The Wenphil rule imposes a fine on an employer who is found to have dismissed an
employee for cause without prior notice. This has been found to be ineffective in deterring
employer violations of the notice requirement. Thus the present ruling of the Court is that
the dismissal of the employee is merely ineffectual, not void.
The decision in this case, providing for the payment of full backwages for failure of an
employer to give notice, seeks to vindicate the employee's right to notice before he is
dismissed or laid off, while recognizing the right of the employer to dismiss for any of the
just causes. The remedy is to order the payment to the employee of full backwages from
the time of his dismissal until the court finds that the dismissal was for a just cause. But,
otherwise, his dismissal must be upheld and he should not be reinstated. This is because his
dismissal is ineffectual.
The court responds to the arguments of Justice Puno - that the denial of due process makes
the decision a nullity; and Justice Panganiban - quoting from a statement in People vs Bocar
that "[w]here the denial of the fundamental right of due process is apparent, a decision
rendered in disregard of that right is void for lack of jurisdiction." The denial of due process
by the State does not apply to this case as founded on the following reasons.
Violation by the employer of the notice requirement cannot be considered a denial of
due process resulting in the nullity of the employees dismissal or layoff.

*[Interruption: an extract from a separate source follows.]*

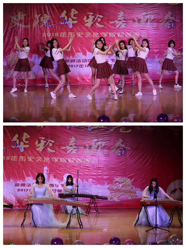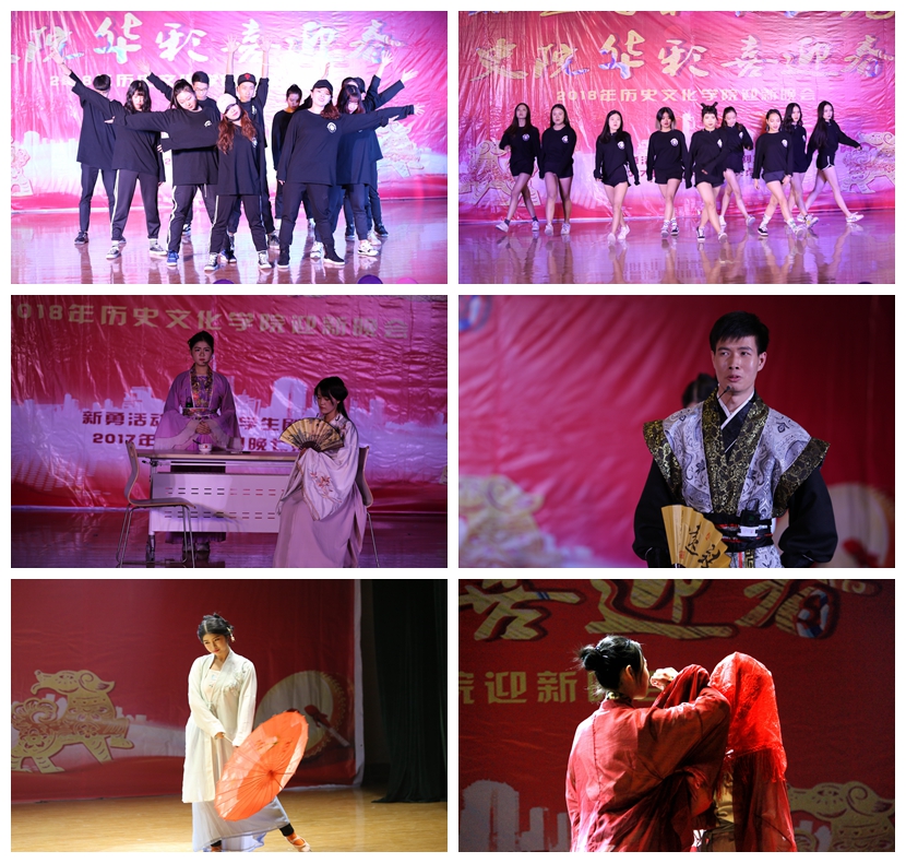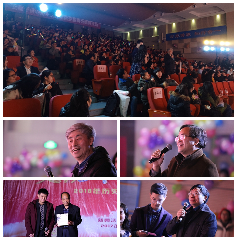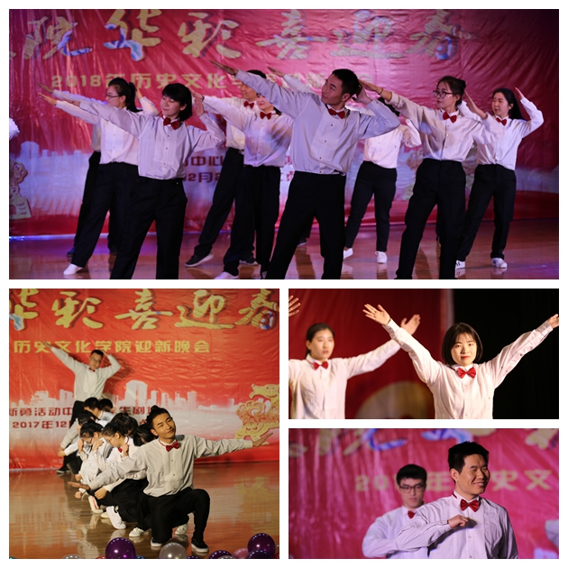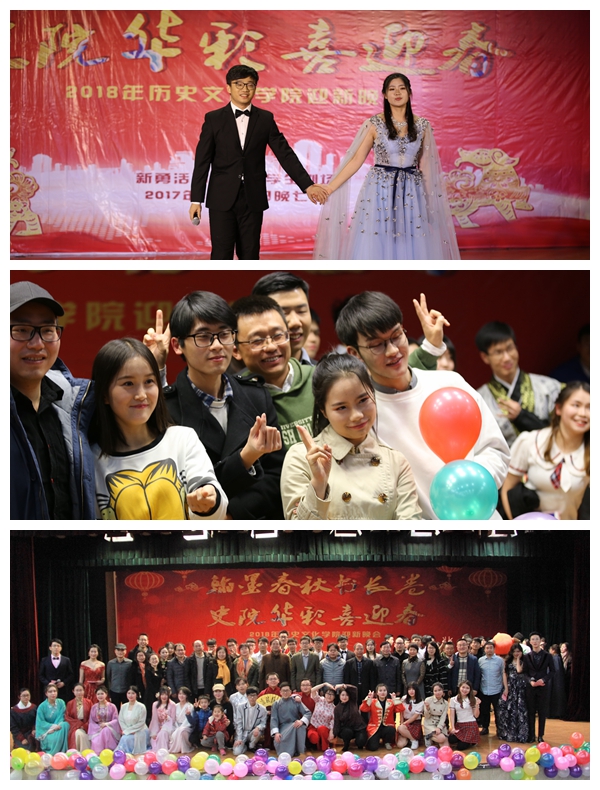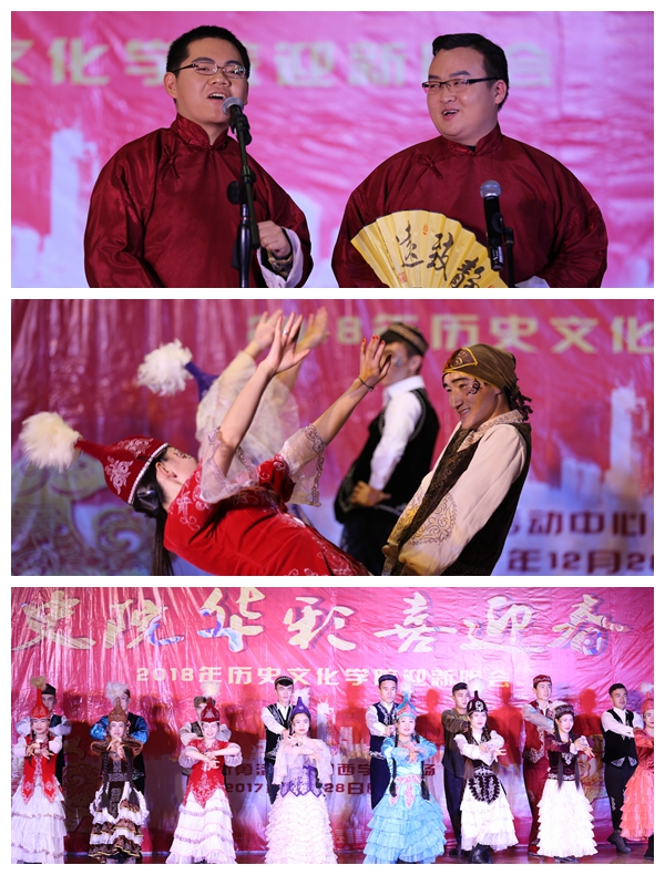晚会现场精彩纷呈。器乐合奏《天山之歌》韵味十足带着观众走进了一个典雅宁静的世界;而相声表演《文艺范儿》结合学生学习生活,逗得台下笑声连连。哈萨克族舞蹈《黑走马》,婀娜多姿的舞蹈将热情传遍了会场的每一个角落。《钦差大臣》的登场,演员们将著名剧作家果戈里的著名讽刺喜剧效果演绎得非常传神,引得现场叫好声不断。随后,由翁彪、于海兵、葛洲子教师与学生联袂表演情景剧《青春纪念册之梦回敦煌》,先是情景再现了师生共赴敦煌考察的日子,回首往事,更觉美好。回忆的列车驶向2018,四位师生合唱了改编版的《青春纪念册》,将晚会带到了高潮。2017级中国近现代史班带来了活泼的舞蹈《第八套广播体操》,让所有人的思绪又回到了中学时代,回味无穷。

The Due
Process Clause of the Constitution is a limitation on governmental powers. It does not
apply to the exercise of private power.
Notice and hearing are required under the Due Process Clause before the power of
organized society are brought to bear upon the individual. The purpose of the 30 day
notice is to give him time to prepare for the eventual loss of his job and the DOLE an
opportunity to determine whether economic causes do exist justifying the
termination of his employment.
The employer cannot really be expected to be entirely an impartial judge of his own
cause.
Thus the Court held, with respect to Art. 283 of the Labor Code, the employers failure to
comply with the notice requirement does not constitute a denial of due process but a mere

failure to observe a procedure for the termination of employment which makes the
termination of employment merely ineffectual.
Ruling:
The resolution of the National Labor Relations Commission is MODIFIED by ordering private
respondent Isetann Department Store, Inc. to pay petitioner separation pay equivalent to
one (1) month pay for every year of service, his unpaid salary, and his proportionate 13th
month pay and, in addition, full backwages from the time his employment was terminated
on October 11, 1991 up to the time the decision herein becomes final. For this purpose, this
case is REMANDED to the Labor Arbiter for computation of the separation pay, backwages,
and other monetary awards to petitioner.